* Task to carry out: In the copy, keep every line below as it is and leave out the pictures.

_ _ _ _ _ _ _

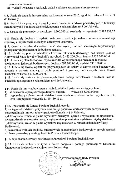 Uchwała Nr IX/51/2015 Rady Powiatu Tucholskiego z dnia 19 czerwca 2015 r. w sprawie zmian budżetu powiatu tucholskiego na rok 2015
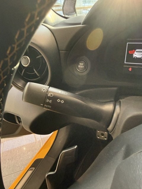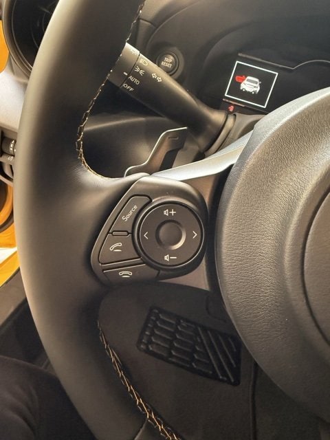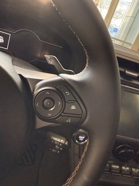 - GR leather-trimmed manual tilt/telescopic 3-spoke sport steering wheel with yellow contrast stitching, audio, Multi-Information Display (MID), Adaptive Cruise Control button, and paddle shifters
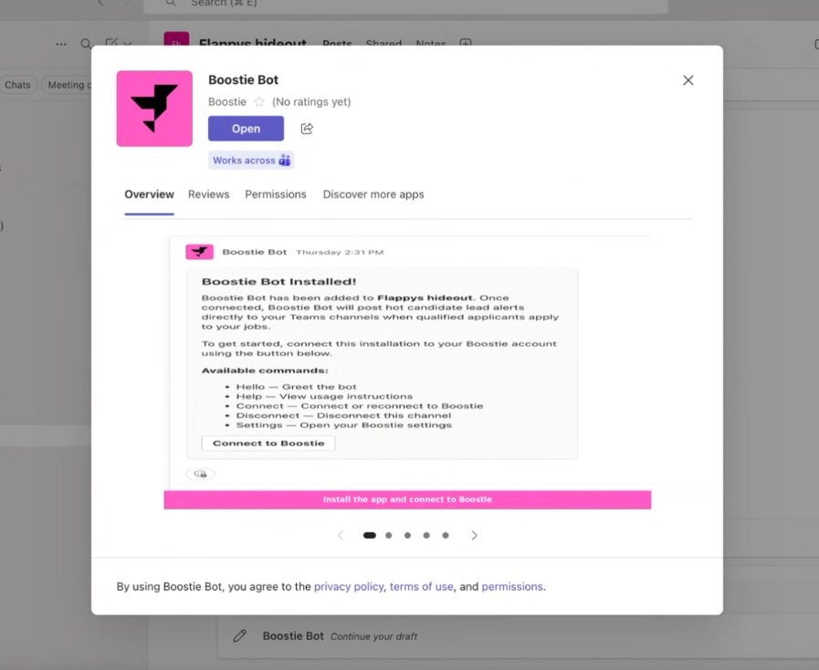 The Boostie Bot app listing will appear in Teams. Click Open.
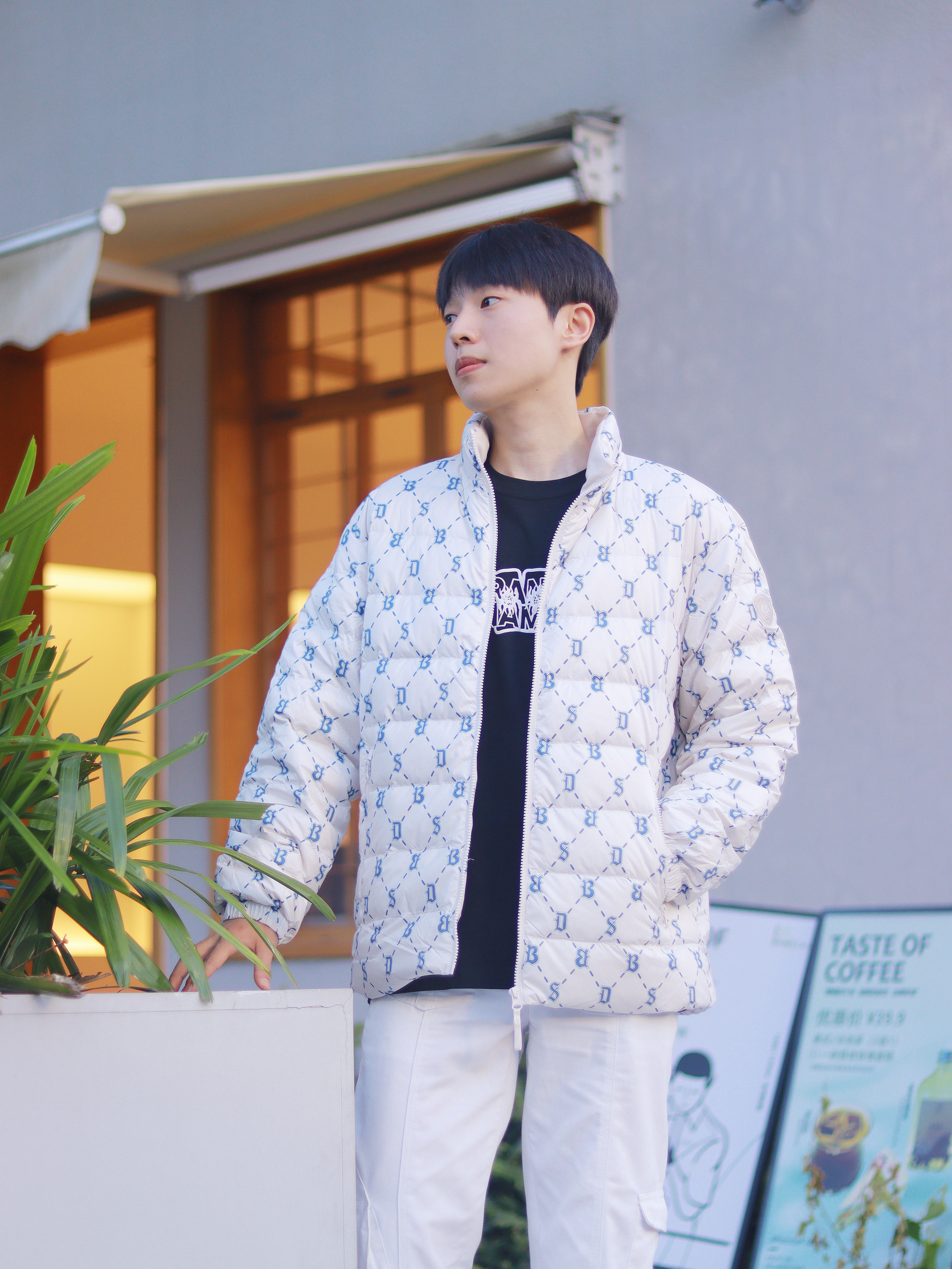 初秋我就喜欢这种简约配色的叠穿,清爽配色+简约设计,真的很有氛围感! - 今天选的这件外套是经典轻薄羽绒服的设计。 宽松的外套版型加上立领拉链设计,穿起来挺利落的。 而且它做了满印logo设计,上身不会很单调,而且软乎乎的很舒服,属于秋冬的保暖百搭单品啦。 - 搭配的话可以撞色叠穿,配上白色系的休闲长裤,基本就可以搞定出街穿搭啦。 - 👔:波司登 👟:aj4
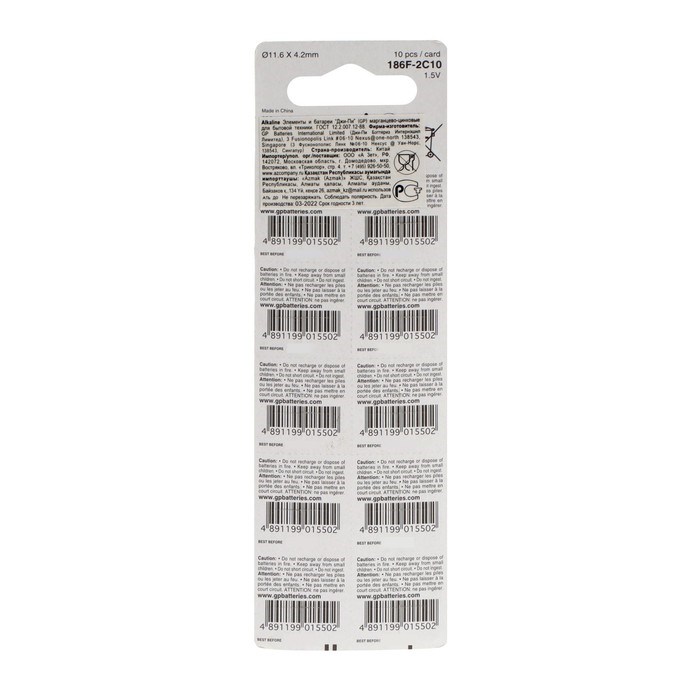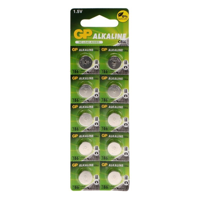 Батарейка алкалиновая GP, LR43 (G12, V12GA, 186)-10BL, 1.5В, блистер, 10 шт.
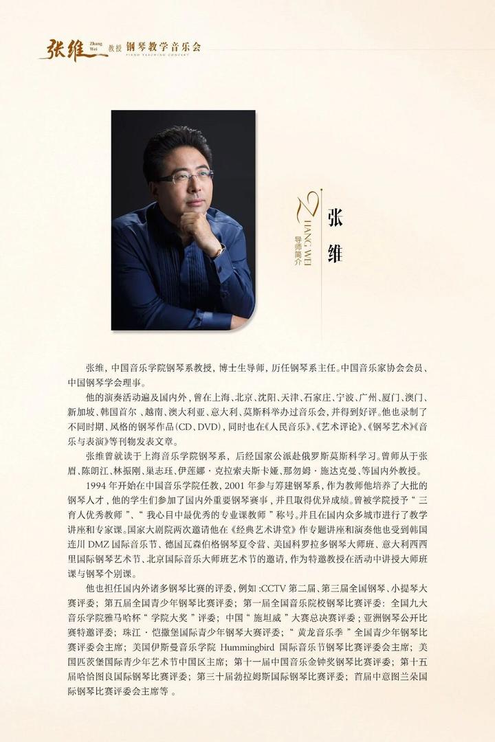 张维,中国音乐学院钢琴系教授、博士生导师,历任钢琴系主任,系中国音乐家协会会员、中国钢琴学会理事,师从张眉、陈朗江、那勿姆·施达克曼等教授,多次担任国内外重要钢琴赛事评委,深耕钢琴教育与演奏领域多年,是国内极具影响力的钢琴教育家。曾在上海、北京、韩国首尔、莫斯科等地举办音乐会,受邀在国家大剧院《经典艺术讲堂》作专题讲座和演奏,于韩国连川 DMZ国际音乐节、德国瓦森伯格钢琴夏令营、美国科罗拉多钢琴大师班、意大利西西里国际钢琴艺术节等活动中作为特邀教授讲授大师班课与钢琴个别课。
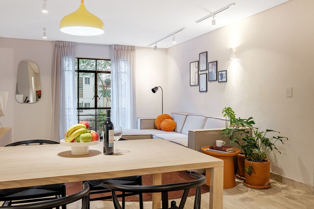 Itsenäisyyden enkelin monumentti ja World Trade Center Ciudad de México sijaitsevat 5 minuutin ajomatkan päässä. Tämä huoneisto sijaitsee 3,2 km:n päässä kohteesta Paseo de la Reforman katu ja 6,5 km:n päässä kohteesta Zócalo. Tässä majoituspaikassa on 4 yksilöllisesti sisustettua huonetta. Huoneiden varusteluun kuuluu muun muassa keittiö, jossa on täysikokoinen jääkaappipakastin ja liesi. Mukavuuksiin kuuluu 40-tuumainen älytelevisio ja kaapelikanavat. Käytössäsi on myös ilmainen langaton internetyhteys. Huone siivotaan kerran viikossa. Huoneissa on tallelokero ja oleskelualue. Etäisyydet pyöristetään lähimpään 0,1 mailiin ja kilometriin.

_ _ _ _ _ _ _

* Answer section:
 Uchwała Nr IX/51/2015 Rady Powiatu Tucholskiego z dnia 19 czerwca 2015 r. w sprawie zmian budżetu powiatu tucholskiego na rok 2015
 - GR leather-trimmed manual tilt/telescopic 3-spoke sport steering wheel with yellow contrast stitching, audio, Multi-Information Display (MID), Adaptive Cruise Control button, and paddle shifters
 The Boostie Bot app listing will appear in Teams. Click Open.
 初秋我就喜欢这种简约配色的叠穿,清爽配色+简约设计,真的很有氛围感! - 今天选的这件外套是经典轻薄羽绒服的设计。 宽松的外套版型加上立领拉链设计,穿起来挺利落的。 而且它做了满印logo设计,上身不会很单调,而且软乎乎的很舒服,属于秋冬的保暖百搭单品啦。 - 搭配的话可以撞色叠穿,配上白色系的休闲长裤,基本就可以搞定出街穿搭啦。 - 👔:波司登 👟:aj4
 Батарейка алкалиновая GP, LR43 (G12, V12GA, 186)-10BL, 1.5В, блистер, 10 шт.
 张维,中国音乐学院钢琴系教授、博士生导师,历任钢琴系主任,系中国音乐家协会会员、中国钢琴学会理事,师从张眉、陈朗江、那勿姆·施达克曼等教授,多次担任国内外重要钢琴赛事评委,深耕钢琴教育与演奏领域多年,是国内极具影响力的钢琴教育家。曾在上海、北京、韩国首尔、莫斯科等地举办音乐会,受邀在国家大剧院《经典艺术讲堂》作专题讲座和演奏,于韩国连川 DMZ国际音乐节、德国瓦森伯格钢琴夏令营、美国科罗拉多钢琴大师班、意大利西西里国际钢琴艺术节等活动中作为特邀教授讲授大师班课与钢琴个别课。
 Itsenäisyyden enkelin monumentti ja World Trade Center Ciudad de México sijaitsevat 5 minuutin ajomatkan päässä. Tämä huoneisto sijaitsee 3,2 km:n päässä kohteesta Paseo de la Reforman katu ja 6,5 km:n päässä kohteesta Zócalo. Tässä majoituspaikassa on 4 yksilöllisesti sisustettua huonetta. Huoneiden varusteluun kuuluu muun muassa keittiö, jossa on täysikokoinen jääkaappipakastin ja liesi. Mukavuuksiin kuuluu 40-tuumainen älytelevisio ja kaapelikanavat. Käytössäsi on myös ilmainen langaton internetyhteys. Huone siivotaan kerran viikossa. Huoneissa on tallelokero ja oleskelualue. Etäisyydet pyöristetään lähimpään 0,1 mailiin ja kilometriin.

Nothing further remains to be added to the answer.